* **AIM OF THE EXERCISE**
In the entries below, repeat only the lines between those holding "伊(6画)牟(6画)田(5画) 美(9画)輝(13画)" and "THOMPSON, Lillia Mae", inclusive. Leave pictures out.

* **THE RECORDS**
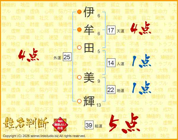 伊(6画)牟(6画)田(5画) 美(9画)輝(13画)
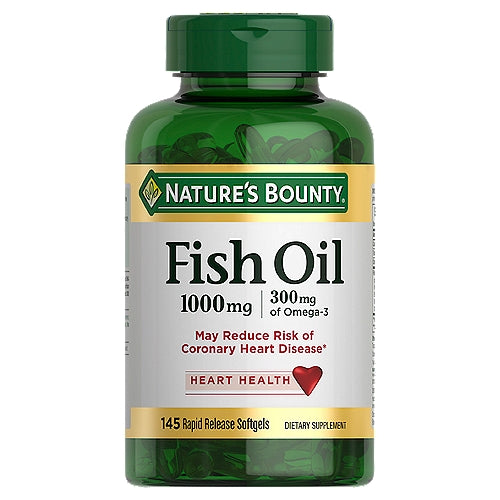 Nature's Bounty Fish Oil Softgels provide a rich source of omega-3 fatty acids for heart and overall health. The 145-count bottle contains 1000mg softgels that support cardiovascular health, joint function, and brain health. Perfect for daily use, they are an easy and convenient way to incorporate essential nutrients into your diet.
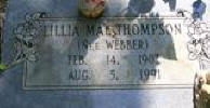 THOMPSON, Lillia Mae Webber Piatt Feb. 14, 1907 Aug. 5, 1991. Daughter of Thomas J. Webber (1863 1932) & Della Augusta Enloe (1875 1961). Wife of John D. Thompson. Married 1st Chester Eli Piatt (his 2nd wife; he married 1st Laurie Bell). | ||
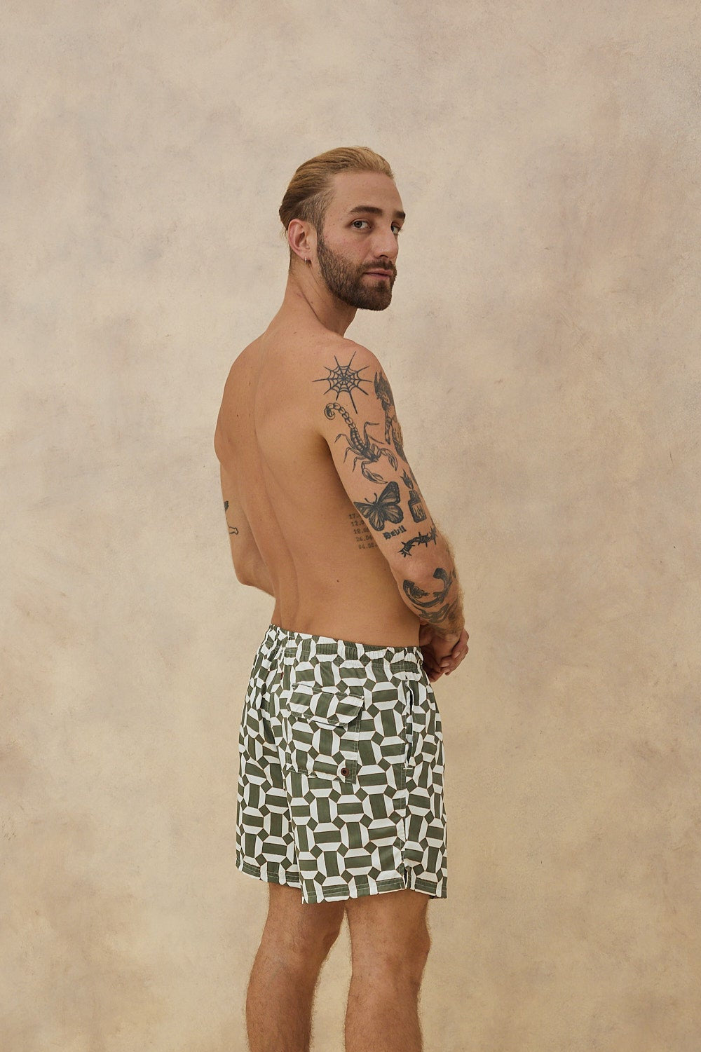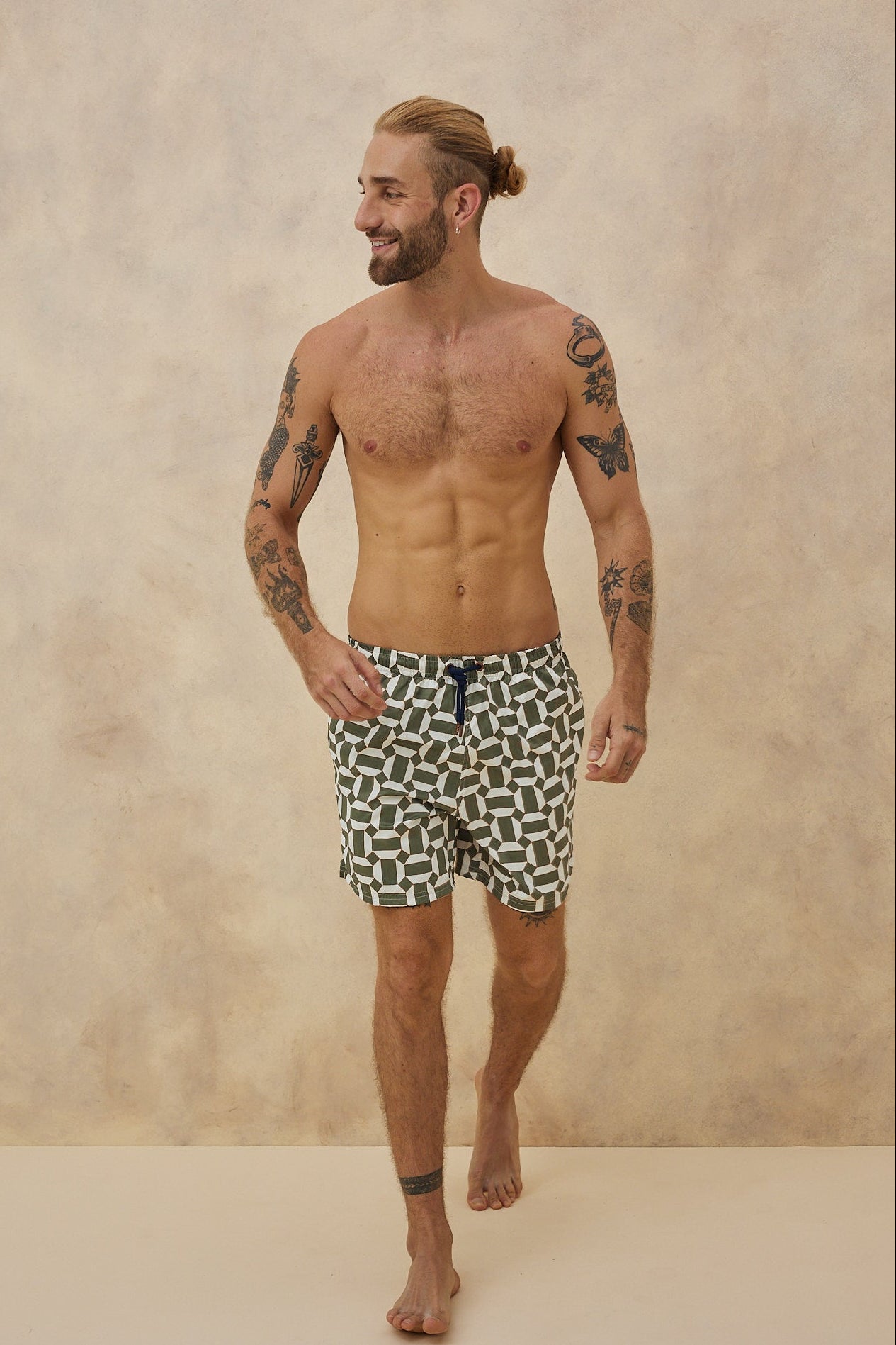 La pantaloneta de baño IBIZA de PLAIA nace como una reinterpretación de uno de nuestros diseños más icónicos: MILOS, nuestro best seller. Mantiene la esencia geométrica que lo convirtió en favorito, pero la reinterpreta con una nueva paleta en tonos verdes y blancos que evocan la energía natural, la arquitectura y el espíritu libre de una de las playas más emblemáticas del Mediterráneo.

* * *

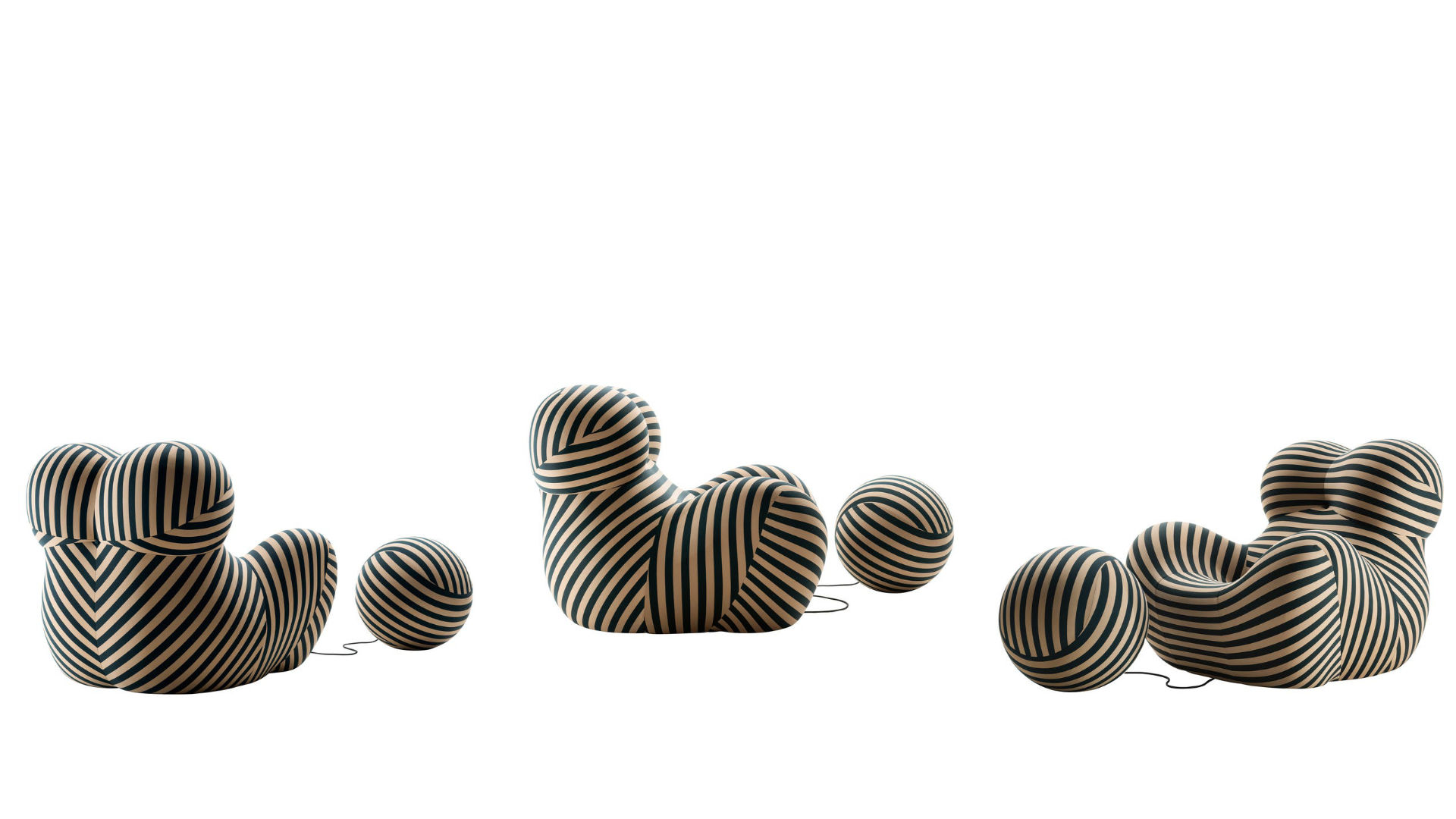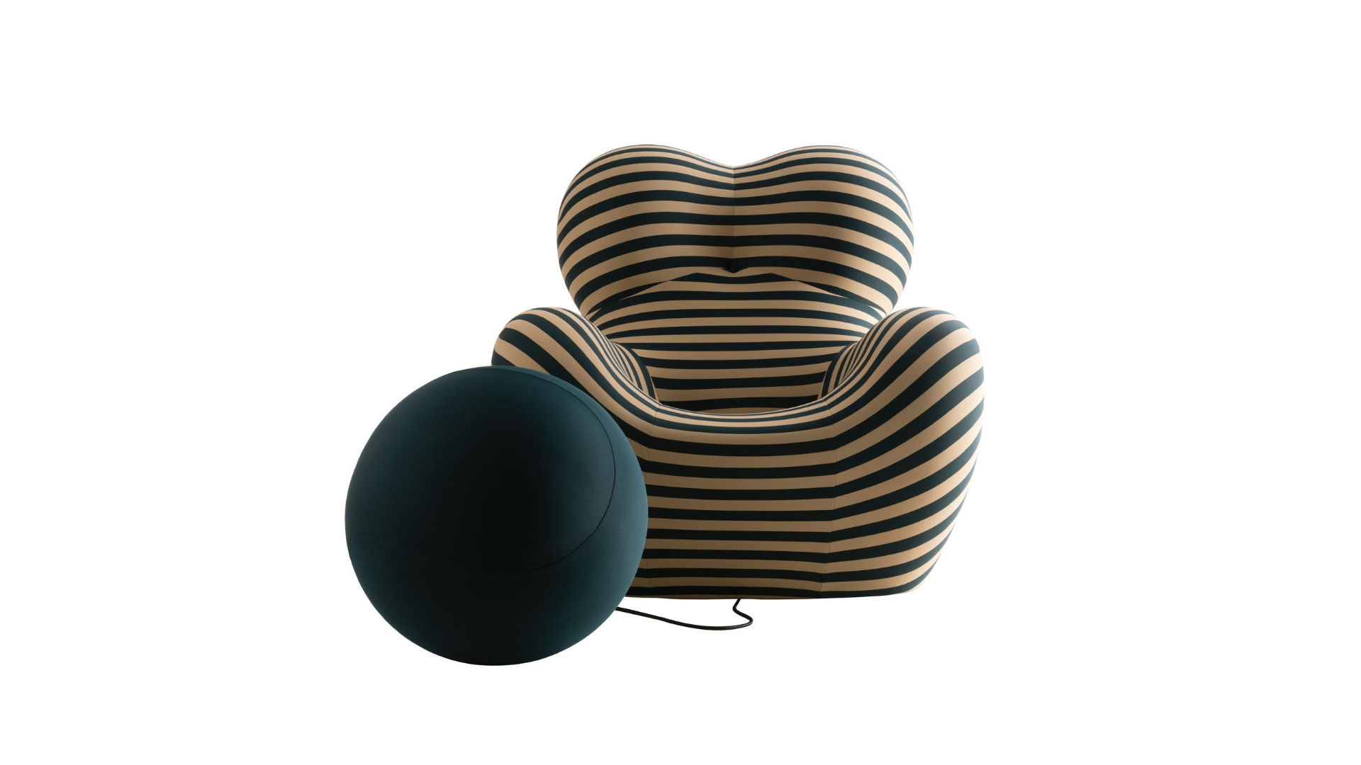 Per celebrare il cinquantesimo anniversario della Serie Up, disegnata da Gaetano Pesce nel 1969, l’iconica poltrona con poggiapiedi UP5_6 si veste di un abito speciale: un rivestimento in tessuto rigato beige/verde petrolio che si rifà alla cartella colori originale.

* **TASK OUTPUT**
 伊(6画)牟(6画)田(5画) 美(9画)輝(13画)
 Nature's Bounty Fish Oil Softgels provide a rich source of omega-3 fatty acids for heart and overall health. The 145-count bottle contains 1000mg softgels that support cardiovascular health, joint function, and brain health. Perfect for daily use, they are an easy and convenient way to incorporate essential nutrients into your diet.
 THOMPSON, Lillia Mae Webber Piatt Feb. 14, 1907 Aug. 5, 1991. Daughter of Thomas J. Webber (1863 1932) & Della Augusta Enloe (1875 1961). Wife of John D. Thompson. Married 1st Chester Eli Piatt (his 2nd wife; he married 1st Laurie Bell). | ||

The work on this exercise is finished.